Then, once the injection of hydrogen peroxide solution into the
contaminated groundwater 51A is commenced by the system 10A, it is
thereafter recommended that samples be collected once per week for
the first month to thereby help monitor the performance and
effectiveness of the system 10A. After the first month, samples
collected for monitoring the system 10A need only be collected once
per month for the next two months and then quarterly thereafter.
Experience has demonstrated that when testing the collected
samples, an increase in the carbon dioxide concentration level
within the contaminated groundwater 51A can generally be
anticipated within the first month. Such an increase in the carbon
dioxide concentration level is the result of increased contaminant
degradation due to the concerted action of both chemical oxidation
remediation and bioremediation working within the system 10A.
[0051] Regarding supply of the preselected oxidant hydrogen
peroxide, hydrogen peroxide for the system 10A can be properly
supplied by any number of industrial chemical supply companies.
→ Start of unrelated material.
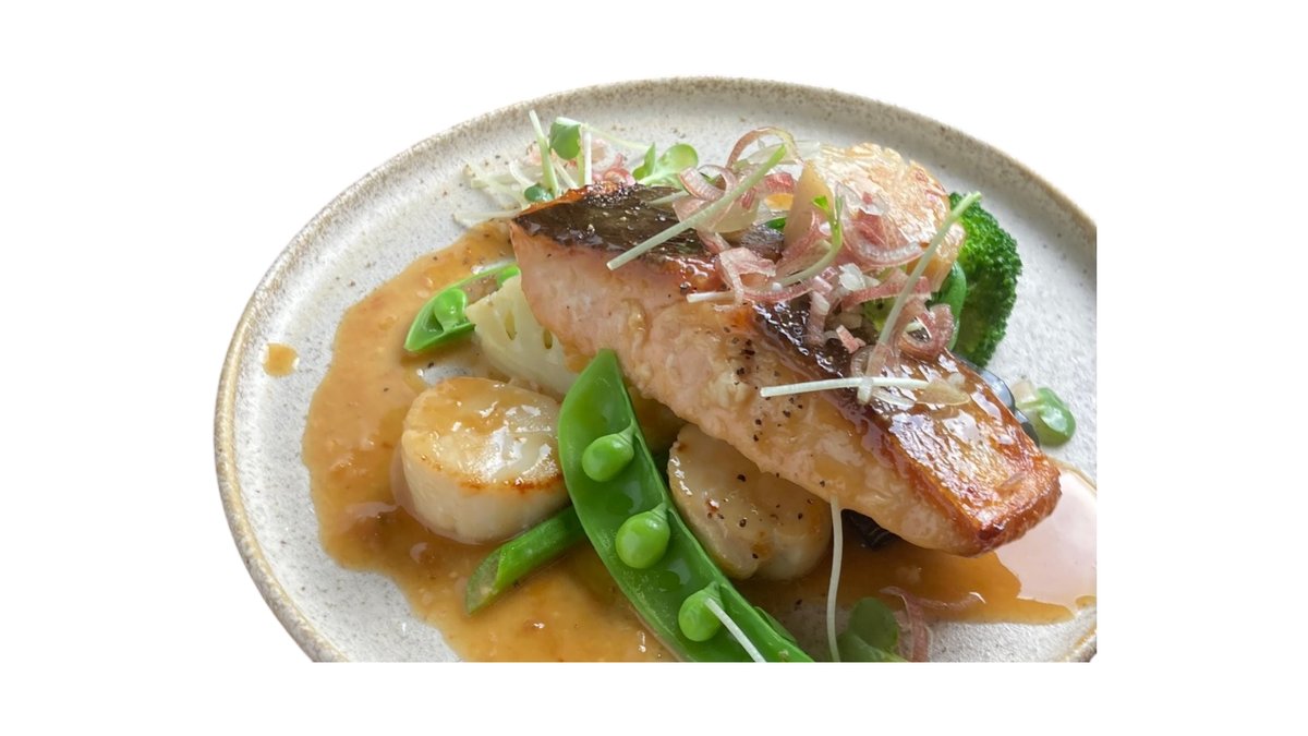 皮を香ばしく焼いたムニエルに、ゆず風味の和風ソースを絡めた帆立を添えます。

Depending on system size and system hydrogen peroxide requirements
at a selected ground site, different sized tanks for containing the
hydrogen peroxide may be utilized within the system, and the number
of tanks that can be accommodated by the control panel at the same
time can be adjusted as well. A preferred size for a hydrogen
peroxide tank is one that necessitates that the tank be refilled no
more frequently than once per month. The concentration of the
hydrogen peroxide within the tank can also be selectively varied so
that higher concentrations would require a reduced hydrogen
peroxide injection flow rate within the system to deliver the same
amount of hydrogen peroxide. For example, a tank with a 2%
concentration of hydrogen peroxide would provide the same number of
hydrogen peroxide molecules within the system as a tank with a 1%
concentration of hydrogen peroxide would at twice the delivery
pressure. When the hydrogen peroxide within the tank is eventually
exhausted, the control panel should then be shut off and the
pressure within the tank should thereafter be relieved. Once tank
pressure has been relieved down to a level that is equivalent to
surrounding atmospheric pressure, the tank can then be opened so
that a new supply of hydrogen peroxide can be introduced into the
tank in appropriate concentration. Once the tank is full, the tank
should be closed in an airtight manner and re-pressurized back up
to an appropriate pressure. Thereafter, the control panel can be
turned back on so that the system can resume hydrogen peroxide
injection into the contaminated groundwater at the selected ground
site. Assuming the pressure regulator 66A is at an appropriate
setting, the system 10A automatically recalibrates itself as it
resumes its work.
[0052] As the system 10A operates over time, the injection flow
rate of the hydrogen peroxide solution will need to be adjusted
down from time to time. Such is due to the fact that the system
will need only inject progressively smaller amounts of hydrogen
peroxide solution into the groundwater as contamination within the
groundwater diminishes over the treatment period. As mentioned
previously hereinabove, extracted soil gas samples can be utilized
to closely monitor and evaluate the overall performance of the
system 10A. Once such extracted soil gas samples, along with
possibly actual soil samples and/or water samples, conclusively
indicate that groundwater contamination has been largely eliminated
and that the system 10A no longer needs to continue operating, the
system 10A can then be abandoned in place. In particular, the
system 10A can be abandoned in place by simply pumping a
bentonite/cement mixture through the control panel 74A, down
through the injection pipes 88A through 88AD, and into the
groundwater injection points 94A through 94AD. This will
effectively seal the system 10A and thereby prevent any future
surface migration of contamination up through the system 10A to the
surface 26A of the ground 24A. The control panel 74A itself can be
dismantled and reused at another selected ground site.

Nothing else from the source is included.